I-G orders policemen nationwide to be neutral during campaigns

Inspector-General of Police (I-G), Mr Usman Baba, has directed all police personnel in the country to be neutral in all processes for the 2023 general elections.

Baba gave the directive on Thursday in Abuja at the opening of a conference for Strategic Police Managers, consisting of officers from the rank of Commissioners of Police and above.

He also directed them to always be alert during security deployments for the elections and exhibit high degree of professionalism and fairness in dealings with all political parties.

“We are also expected to adopt a professional orientation that emphasises democratic values and respect for human rights and dignity,” he added.

Baba reminded all police personnel that their mandate was to protect the electorates against illegal acts and discharge policing duties without discrimination.
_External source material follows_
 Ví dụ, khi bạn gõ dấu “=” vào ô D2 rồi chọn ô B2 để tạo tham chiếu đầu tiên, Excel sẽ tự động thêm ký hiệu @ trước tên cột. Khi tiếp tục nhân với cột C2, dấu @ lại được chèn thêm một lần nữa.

“As critical actors in the electoral process, the credibility of the 2023 general election will be measured by the extent to which we abide by professional and legal standards.

“It will also be measured by our decisions and actions as we interface with political parties in emplacing appropriate machineries to guarantee a peaceful electioneering campaign process.
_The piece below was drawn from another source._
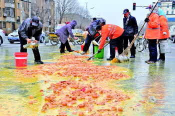 东营人,好样的!17日上午,一辆满载鸡蛋的小型货车经过北二路与嵩山路路口时,由于车厢里的鸡蛋筐固定不牢,摔落在地。不少市民和网友纷纷赶来帮忙,40筐鸡蛋大约捡出来10筐。车走了之后市民又开始打扫现场! 本报实习生 刘海滨 摄影报道

“We must leave no citizen in doubt of our commitment to national peace and security, as well as our determination to advance the democratic and national security interests of the country,” he said.

The I-G called on the conference participants to familiarise themselves with the Electoral Act and Code of Conduct and Rules of Engagement for Security Personnel on electoral duties.

Baba urged the officers to situate their decisions and actions within the provisions of the Electoral Act and the Code, as well as other obligations contained in the Constitution, Nigeria Police Act, and other extant laws.

“All quasi-security outfits that were established by the various state governments and local communities, operating under different nomenclatures, structures and orientations have no legal roles in the Electoral Act 2020.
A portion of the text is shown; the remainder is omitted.